We develop pointer analyses suitable for use highly time-constrained environments, such as just-in-time (JIT) compilers and interactive development environments (IDEs). In such environments, the running time of the analysis is critical, leading one to consider demand-driven solutions. In the worst case, however, a demand-driven analysis can take as long as an exhaustive analysis. For long-running queries, such environments could use early termination and simply stop the analysis after some timeout. Previous demand-driven pointer analyses do not perform well under such early termination constraints.

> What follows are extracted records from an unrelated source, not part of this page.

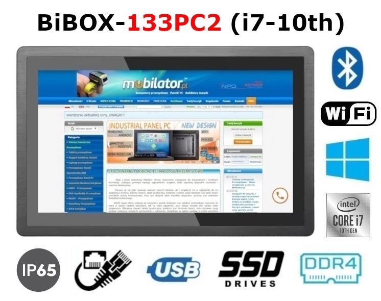 Industrial Panel PC BiBOX-133PC2 (i7-10th) is offered in several versions adapted to different needs. By clicking on the number of the hardware configuration you will be redirected to the product with the parameters given in the table below. In addition, it is possible to create a configuration that is currently unavailable on the customer's request.
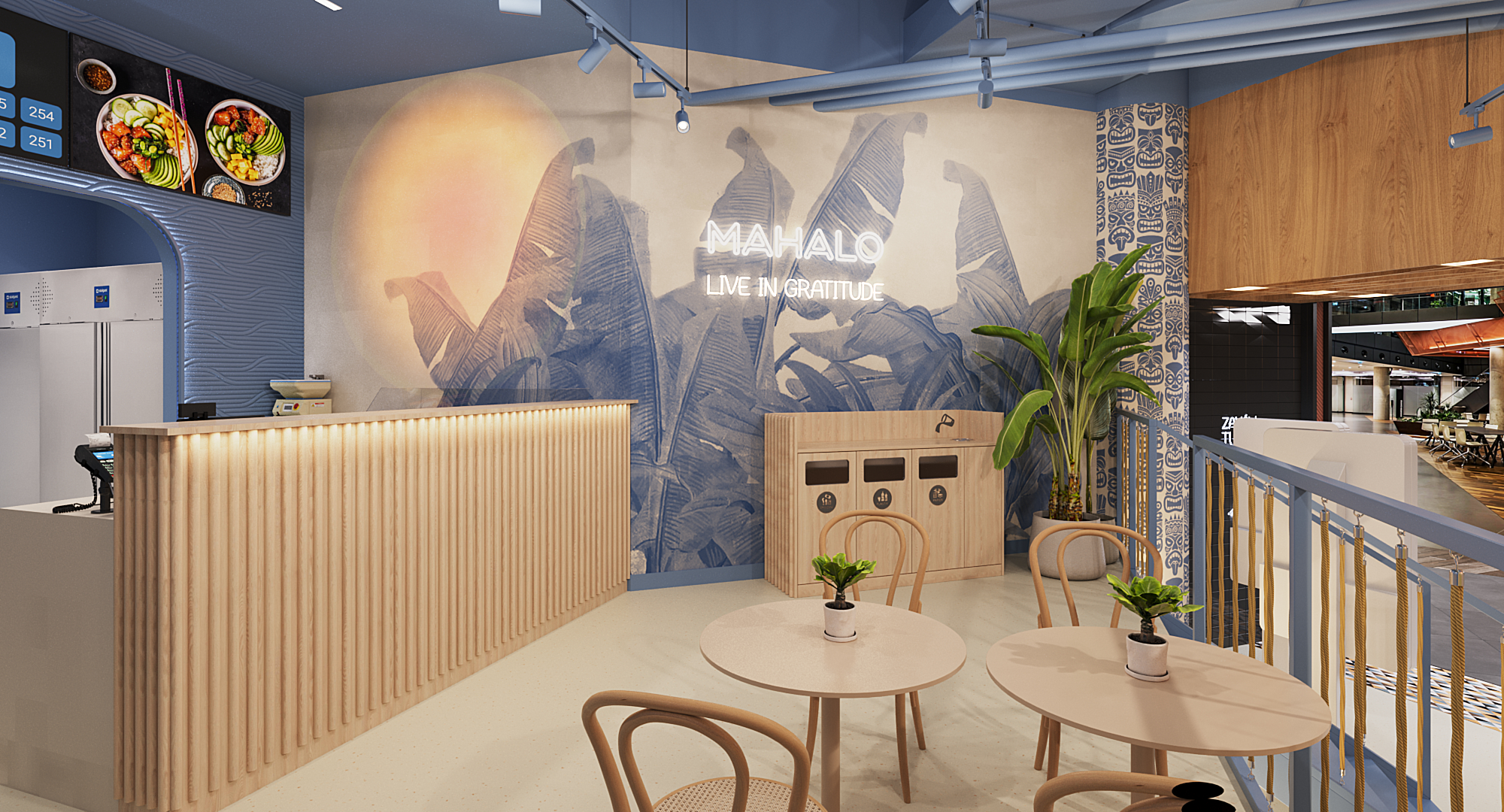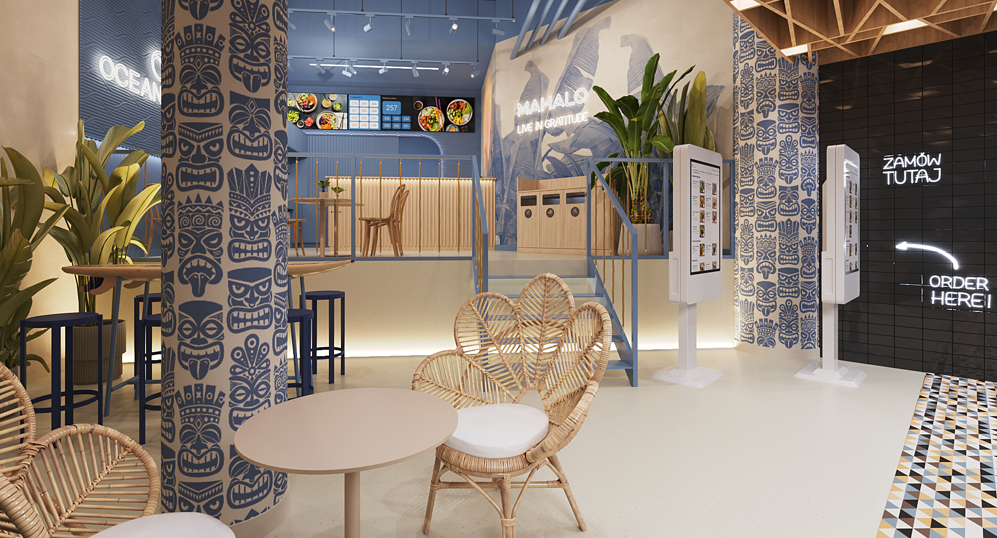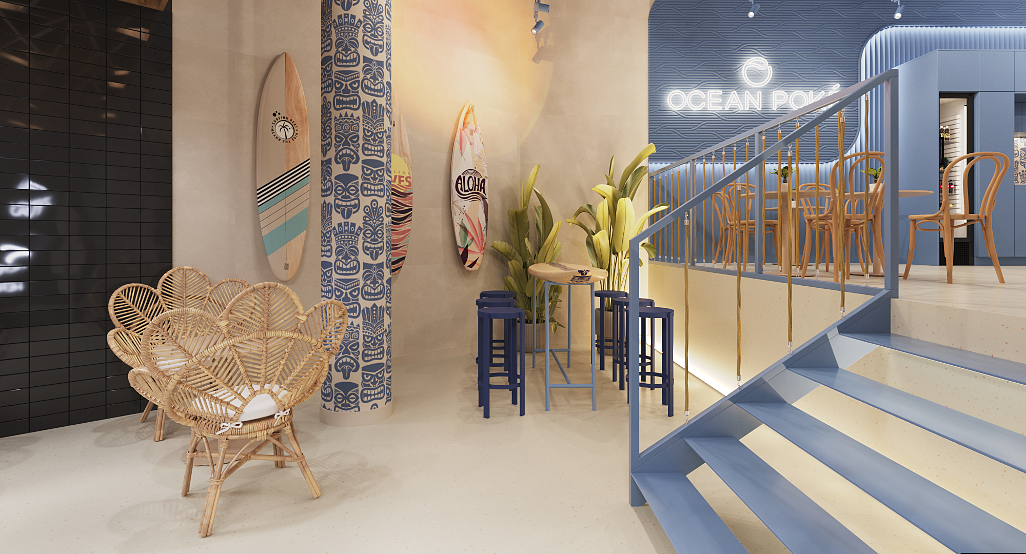 Chłodną kolorystykę przełamują elementy w odcieniach beżowego piasku. Posadzka oraz fragmenty ścian nawiązują do naturalnych barw plaży, ocieplając wnętrze i wzmacniając jego nadmorski charakter. Klimat miejsca buduje także lampa typu sunset, której ciepłe światło przypomina zachód słońca nad oceanem. We wnętrzu pojawiają się również detale inspirowane kulturą hawajską, takie jak tapeta z motywem tiki czy stół wykonany z deski surfingowej. Całość tworzy lekką, wakacyjną atmosferę, dzięki której Ocean Poke staje się nie tylko miejscem na szybki posiłek, ale też krótką podróżą w tropikalny klimat.
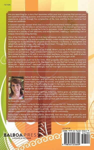 Are you searching for a story that resonates within your soul, a journey that mirrors your own quest for meaning, purpose, and connection? Wren is more than a novel-it's a spiritual experience, a guide through the complexities of life, love, and the divine mysteries that shape our existence. A common sparrow named Wren lives in a mythical land where animals possess wisdom and spirituality. Her life takes an extraordinary turn when Alnore, the revered spiritual guide and protector of the land, chooses her to be his successor. Under Alnore's mentorship, Wren embarks on a journey of self-discovery and enlightenment, meeting a captivating cast of unique characters along the way. One of her first friends is Betts, a kind-hearted beaver who teaches Wren the values of family and community. She also encounters Reinna, a wise macaw whose profound insights challenge her to see beyond the physical world. However, it is Fannie, a nearsighted and delightfully quirky flamingo, who captures Wren's heart. Through their love, Wren learns the depth and power of true connection. Despite the guidance and support of her friends, Wren's journey is filled with obstacles. Alnore's ancient nemesis, Styxn, a malevolent creature of chaos, seeks to thwart Wren's rise. He is joined by Mouse, a rat with a cunning mind, and Bubo, a ruthless owl, both of whom sow seeds of doubt in Wren's heart and challenge her belief in the Light of All. As these adversaries push her to her limits, Wren grapples with insecurities and questions about her identity and purpose in life. The Question, the one that has forever troubled and driven her -"What is true?"-becomes a guiding light in her darkest moments. To fulfill her destiny, Wren must conquer these challenges, trust her inner light, and discover her true identity.
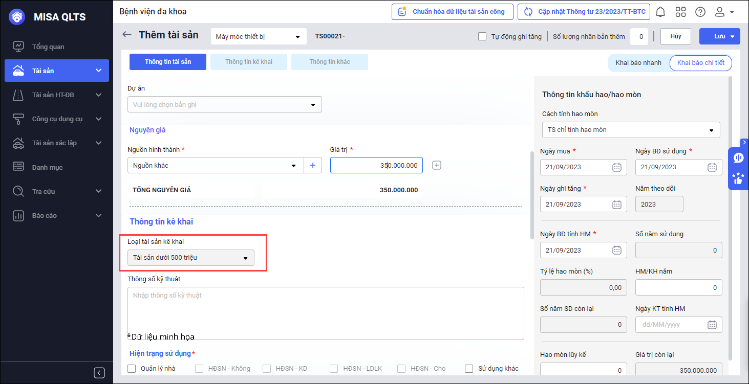 • Theo Thông tư số 144/2017/TT-BTC yêu cầu kê khai tất cả tài sản khác, không phân biệt nguyên giá tài sản phải trên 500 triệu như trước đây. Vì vậy, tài sản ghi tăng trong kỳ báo cáo cần đảm bảo Loại tài sản kê khai là “Tài sản khác trên 500 triệu” và “Tài sản khác dưới 500 triệu” tại mục Thông tin kê khai. (Lấy theo thông tin Loại tài sảnNguyên giá đã khai báo).
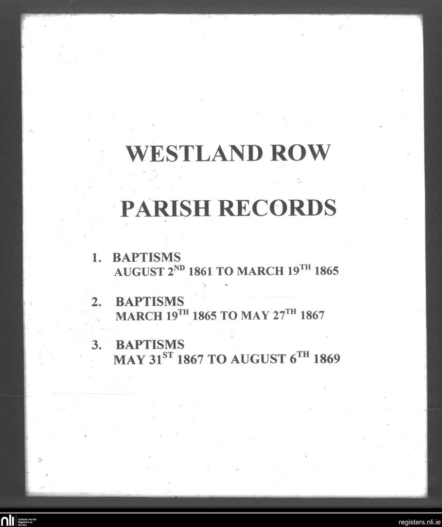 St. Andrew's, Dublin city; County of Dublin; Archdiocese of Dublin. Baptisms
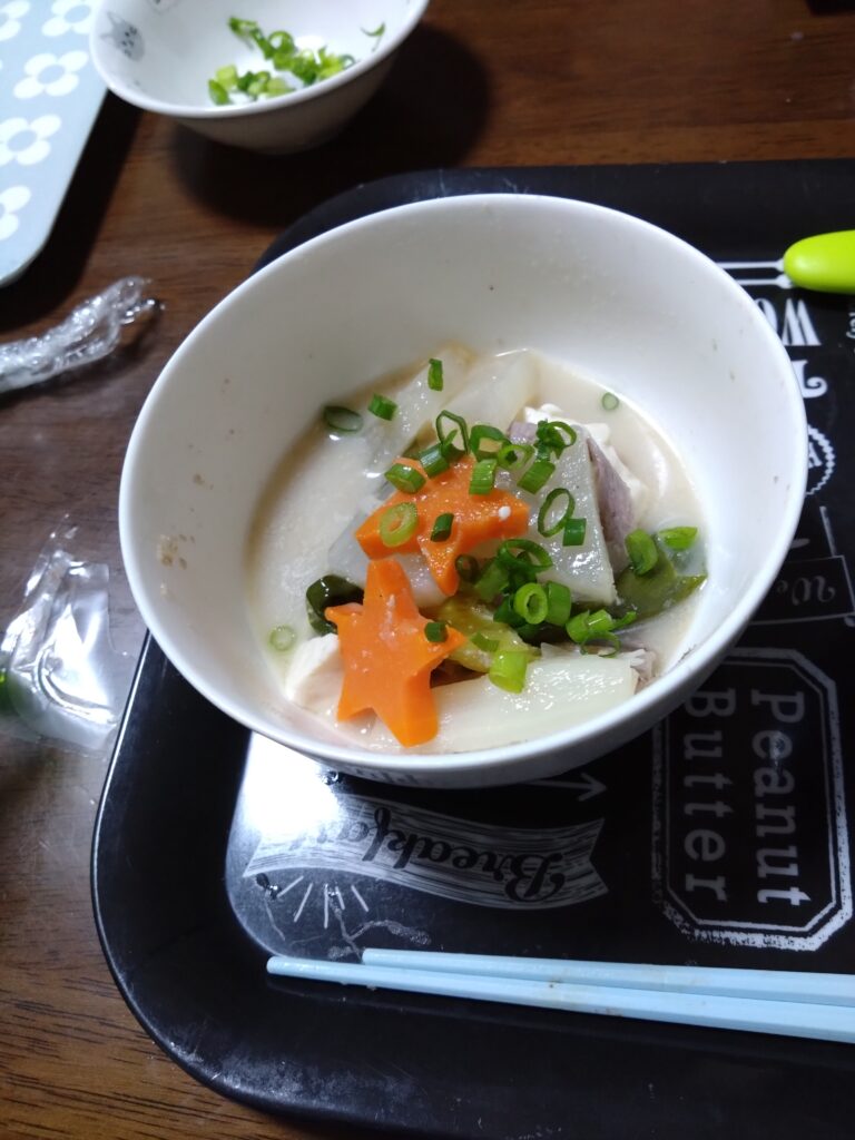 夜ご飯は、パパが味噌鍋を作りました!ママが食べすぎて、エノキが食堂に詰まって、吐きそうになってて、それが不謹慎だけどツボって笑ってしまいました🤣。
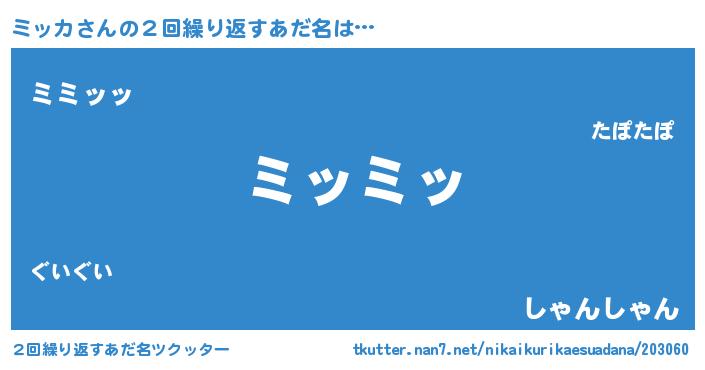 | 意味不明あだ名 | 『ペロリンミッカ』『ミッカフォーエバー』 |

We formulate Andersen's analysis for Java as a CFL-reachability problem, and observe that it has the balanced-parentheses property seen in other program analysis problems. We use this observation to develop two new demand-driven pointer analysis algorithms, DemandFB and TargetedFS, that are suitable for use with early termination. DemandFB is an extremely simple field-based algorithm that essentially performs a depth-first search of the CFL-reachability graph. TargetedFS iteratively adds field-sensitivity to DemandFB where profitable, exploiting the balanced-parentheses structure for efficiency. We show that DemandFB is a very effective algorithm under early termination; for our clients, it can answer 89-94% of virtual call queries as precisely as an exhaustive field-sensitive Andersen's analysis, with each query taking less than 2ms. DemandFB can answer all queries in hot methods of javac with the same precision as an exhaustive field-sensitive Andersen's analysis, with a 34x speedup (and a 16x speedup over exhaustive field-based analysis). We also show that given a limited budget, TargetedFS is better than known demand-driven pointer analyses at closing the gap between DemandFB and exhaustive field-sensitive Andersen's.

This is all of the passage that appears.